Mira Murati is back in the spotlight, carefully.


Mira Murati is no natural creature of the conference stage. As CTO of OpenAI, he was present but rarely the public face of the company. As CEO of her own company, Thinking Machines Lab, she’s been even harder to find. So when he sat down with Bloomberg in San Francisco on Thursday (his first major media appearance in about 18 months), it was worth paying attention to, even if he was careful not to say too much.

The timing makes sense. Thinking Machines has spent the better part of a year and a half operating largely in the background: raising capital, hiring researchers and shipping a product. Gypsyan API for fine-tuning open source AI models.

Meanwhile, companies competing for the same talent, customers and incumbents have only become more ubiquitous. OpenAI, where Murati spent six years as CTO, is constantly in the news cycle. Anthropic’s momentum is all we can talk about right now. And xAI, Elon Musk’s artificial intelligence company, joined SpaceX ahead of what is expected to be its massive public offering, generating its own gravitational pull on attention and investment. In that environment, keeping your head down has diminishing returns; At some point, you have to make some noise just to remind the market that you exist.

Murati used Bloomberg’s appearance to do exactly that and not much else. She anticipated what Thinking Machines calls “interaction models“, which he described as a fundamentally different type of AI interface. Instead of the turn-based, prompt-and-response dynamics that define most AI products today, he told interviewer Emily Chang, the company’s models are designed to process continuous streams of audio, text and video in 200-millisecond intervals. The idea is that they can capture the texture of human communication (the interruptions, the mid-thought corrections, even the pauses for thought) in something closer to real time. But Murati was careful to present it as a first step, not a finished product, and declined to put a specific release date.

She also answered questions about the episode that first put her most directly in the public eye: the chaotic week in November 2023 when OpenAI’s board fired Sam Altman and she became interim CEO. Within OpenAI it came to be called “the problem.” Murati said his decisions felt clear at every moment: that protecting the mission and the team was the common thread that made the options seem obvious even when the situation seemed to be falling apart from the outside. He said the company would have “imploded” if not for his involvement during that strange five-day period and its immediate aftermath. But he recognized that clarity of intention is not the same as clarity about consequences. In hindsight, he said, he would have pushed harder for more information, a better transition plan and more transparency. What he didn’t say, at least not directly, is whether he thinks things turned out well.

When asked if he still trusts his former boss, he avoided the question and steered the conversation toward a larger concern that he returned to several times: the concentration of important decisions in too few hands, not just at OpenAI but across the industry. His concern, he said, has less to do with the character of any individual leader (although he acknowledged that matters) and more to do with the absence of structural controls. Good people make bad decisions. Well-intentioned organizations drift. Too much attention has been paid to virtue and too little to governance, he suggested.

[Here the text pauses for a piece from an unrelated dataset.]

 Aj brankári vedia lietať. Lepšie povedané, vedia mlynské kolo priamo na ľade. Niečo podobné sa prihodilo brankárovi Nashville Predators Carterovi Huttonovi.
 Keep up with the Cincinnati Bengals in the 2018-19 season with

Chang also politely pressed her on the departures of several high-profile researchers from Thinking Machines in recent months, a topic Murati has largely avoided in public and which she downplayed on Thursday. First, he said, building a cutting-edge AI lab from scratch compresses years of normal organizational volatility into months. He also acknowledged that compensation — the nine-figure packages that have become standard currency in the war for AI talent — captures people’s imagination, but suggested it’s usually not the whole story. To laughter from the audience, he said of his own competitive instincts: “When I wake up in the morning, I’m not thinking about how to kill the competitor.”

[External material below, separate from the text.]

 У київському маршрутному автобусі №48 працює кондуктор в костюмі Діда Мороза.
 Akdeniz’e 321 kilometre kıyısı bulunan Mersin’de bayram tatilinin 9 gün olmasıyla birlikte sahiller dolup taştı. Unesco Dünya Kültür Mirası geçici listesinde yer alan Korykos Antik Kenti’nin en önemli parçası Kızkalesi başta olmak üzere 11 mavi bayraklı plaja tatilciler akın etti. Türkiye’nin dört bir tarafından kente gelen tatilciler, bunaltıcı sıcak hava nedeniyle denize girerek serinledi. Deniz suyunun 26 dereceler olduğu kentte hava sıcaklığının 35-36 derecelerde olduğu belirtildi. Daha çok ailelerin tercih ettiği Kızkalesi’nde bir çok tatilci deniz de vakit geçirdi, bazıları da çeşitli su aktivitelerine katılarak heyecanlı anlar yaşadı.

Naturally, Chang asked what’s next for AI in general, including for humans who AI companies once said would be empowered by AI, but who have more recently been spooked by rumors of mass job displacement, not to mention a future in which AI will be used to create chemical weapons.

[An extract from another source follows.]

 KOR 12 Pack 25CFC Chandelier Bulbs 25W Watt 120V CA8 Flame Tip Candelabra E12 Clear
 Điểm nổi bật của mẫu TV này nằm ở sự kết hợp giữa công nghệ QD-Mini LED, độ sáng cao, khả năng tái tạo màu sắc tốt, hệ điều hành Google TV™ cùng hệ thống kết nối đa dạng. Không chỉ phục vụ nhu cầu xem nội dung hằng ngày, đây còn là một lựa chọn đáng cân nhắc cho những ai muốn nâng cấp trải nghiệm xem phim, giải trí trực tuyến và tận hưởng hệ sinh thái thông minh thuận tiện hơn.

Murati, who was born in Albania and speaks with a slight Eastern European accent, was measured in her response. She rejected the framework of an inevitable dystopia or an inevitable utopia, arguing that neither outcome is predetermined and that the period we are in now is what will determine the direction things take. Still, he said (and not for the first time during the interview) that if humans take their hands off the wheel too soon, the future will be very different and not better.